From Chimera to IMERA: Slovenia Prepares for EU's Crisis Resilience Act
Translated from Slovenian, summarized and contextualized by DistantNews.
TLDR
- The EU's Internal Market Emergency and Resilience Act (IMERA) will take effect in Slovenia on May 29, 2026.
- IMERA aims to establish a comprehensive system for market resilience during emergencies, learning from the chaotic COVID-19 response.
- The act emphasizes human rights protection alongside crisis measures and addresses issues like supply chain vulnerabilities and uncoordinated national responses.
- The article draws parallels between IMERA's complex structure and the mythological monster Chimera, symbolizing inherent chaos and internal inconsistency.
Slovenia is preparing to implement the EU's Internal Market Emergency and Resilience Act (IMERA), set to become effective on May 29, 2026. Delo highlights that this comprehensive regulation, born from the painful lessons of the COVID-19 pandemic, seeks to create a robust framework for the internal market during times of crisis. The Ministry of Economy is already drafting national legislation to align with IMERA's provisions, a process that underscores the intricate balance required between ensuring market resilience and safeguarding fundamental human rights.

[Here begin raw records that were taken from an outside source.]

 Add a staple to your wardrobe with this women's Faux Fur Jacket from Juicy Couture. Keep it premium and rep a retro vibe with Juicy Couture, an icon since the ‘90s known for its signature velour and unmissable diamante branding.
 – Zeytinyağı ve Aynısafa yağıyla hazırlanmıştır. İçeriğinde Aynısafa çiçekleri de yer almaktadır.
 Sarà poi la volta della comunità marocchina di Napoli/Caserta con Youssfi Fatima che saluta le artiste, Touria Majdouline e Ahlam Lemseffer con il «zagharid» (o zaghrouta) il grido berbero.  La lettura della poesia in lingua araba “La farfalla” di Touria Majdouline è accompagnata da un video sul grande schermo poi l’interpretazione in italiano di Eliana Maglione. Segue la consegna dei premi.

The article critically notes that while discussions around resilience often focus on technological challenges, the crucial aspect of human rights protection can sometimes be overlooked, as was observed in a recent state council consultation. IMERA, however, explicitly integrates these concerns, aiming to prevent a recurrence of the fragmented, uncoordinated, and at times corrupt, responses witnessed during the pandemic. The chaotic situation, characterized by 27 different national regimes and barriers to the free movement of goods, exposed the EU's unpreparedness and the fragility of global and internal supply chains.

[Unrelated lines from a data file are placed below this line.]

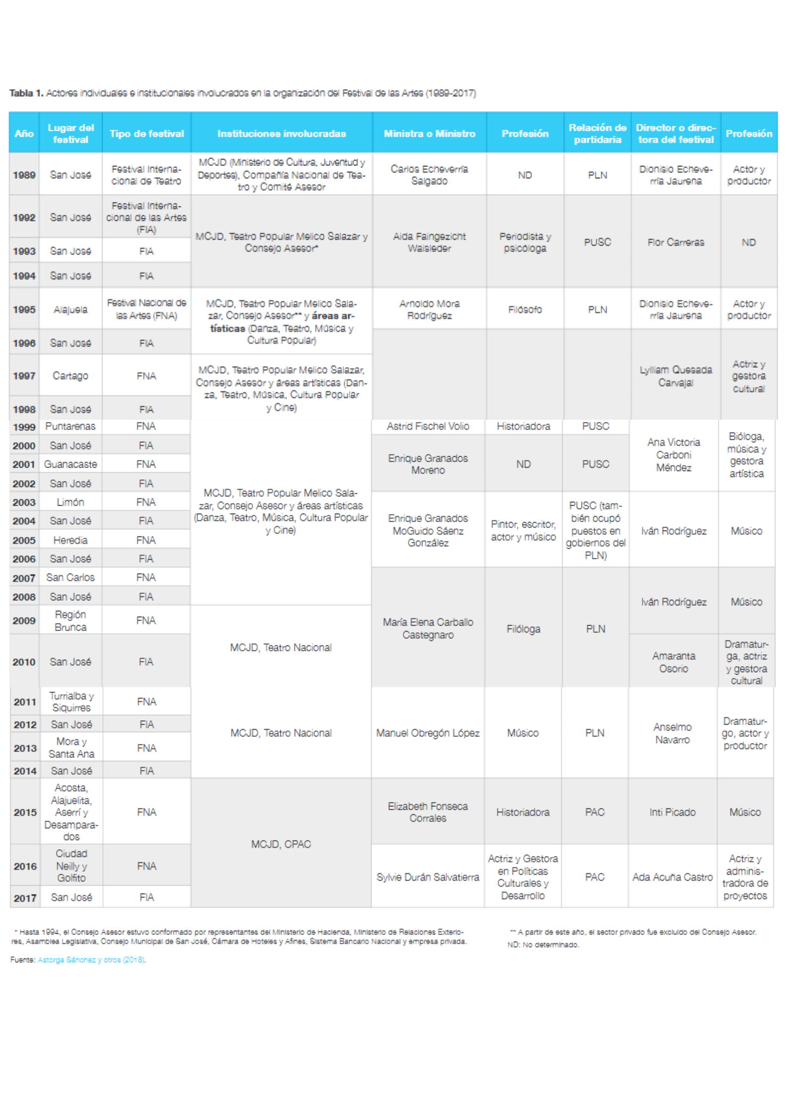 La Tabla 1 (que se presenta a continuación) muestra a estos actores, con el propósito de visualizar la conformación organizativa del Festival de las Artes en su trayectoria histórica. Los siguientes apartados profundizarán en el impacto de esta normativa y estos sectores en la definición de los modelos de programación que han marcado la historia del festival.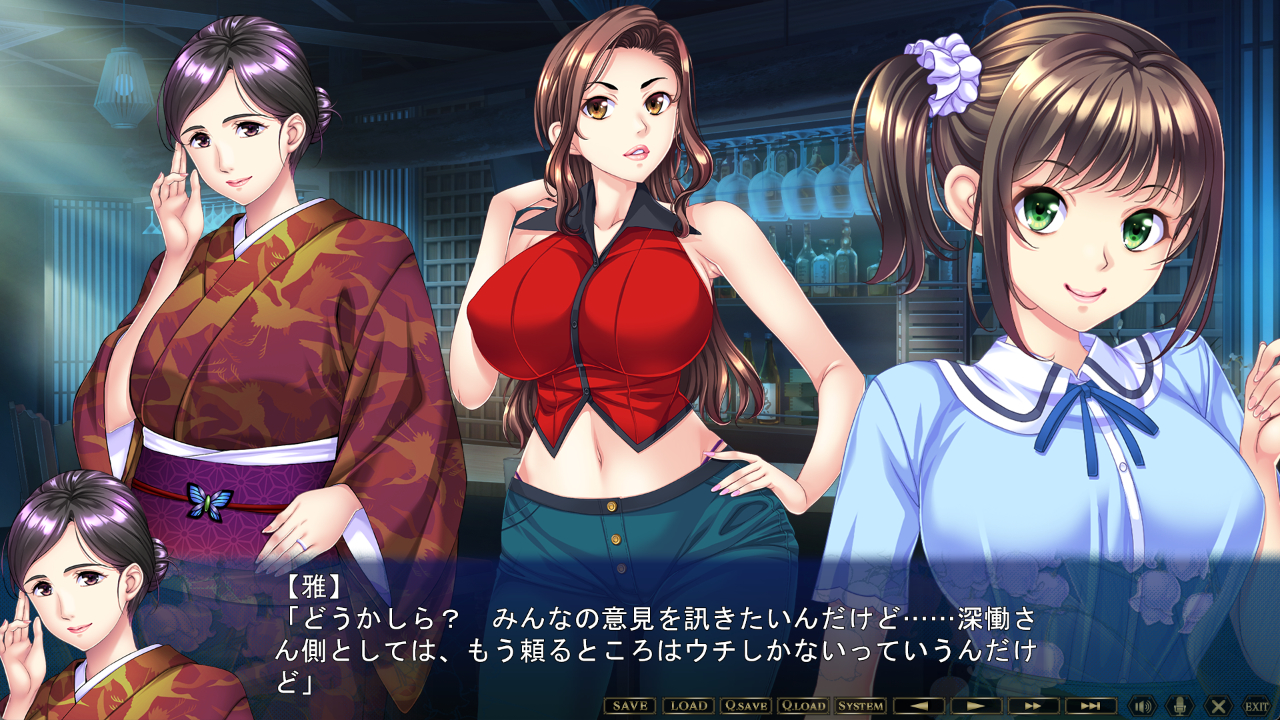 ▲「BAR雅」に集まるヒロイン達。前作から引き続き登場しているキャラたちだが、今作だけでも問題なく楽しめるのでご安心を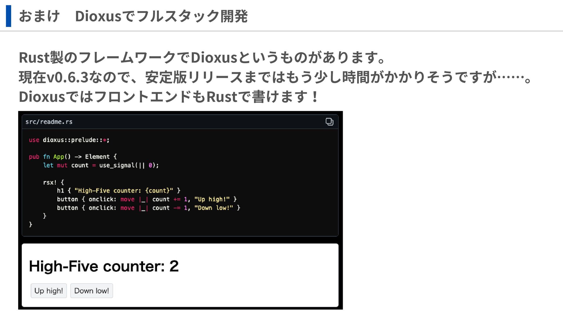 おまけ Dioxusでフルスタック開発 Rust製のフレームワークでDioxusというものがあります。 現在v0.6.3なので、安定版リリースまではもう少し時間がかかりそうですが……。 DioxusではフロントエンドもRustで書けます!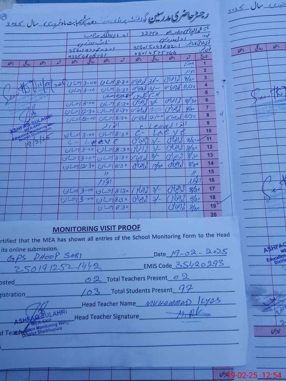 | Attendance Register | Head Teacher | MEA with School | Visit Proof |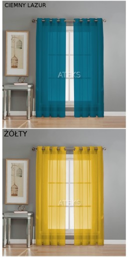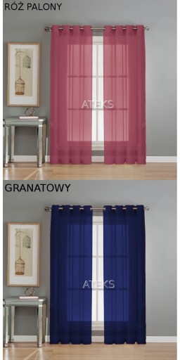Zasłona gotowa z woalu gładkiego wykonana na metalowych, srebrnych przelotkach. Zasłona dekoracyjna w górnej części ma wszytą taśmę usztywniającą w której są nabite przelotki. Zasłona dekoracyjna półprzezroczysta służąca najczęściej jako lekka, zwiewna, delikatna firana jako dopełnienie całości aranżacji okiennej.

Delo employs a powerful metaphor, comparing IMERA's complex and potentially inconsistent structure to the mythological monster Chimera โ a creature with a lion's head, goat's body, and serpent's tail. This analogy vividly illustrates the inherent risks of a system that, despite its intentions, could generate its own unpredictability and chaos. The article suggests that IMERA, like the ancient goddess Ananke, stands at a crossroads between chaos and order, representing a force of necessity guiding the dynamic circulation of fate. From a Slovenian perspective, the successful implementation of IMERA is not just about regulatory compliance; it's about ensuring that national interests are protected while adhering to EU standards, and critically, that the lessons learned from past crises translate into genuine, rights-respecting resilience.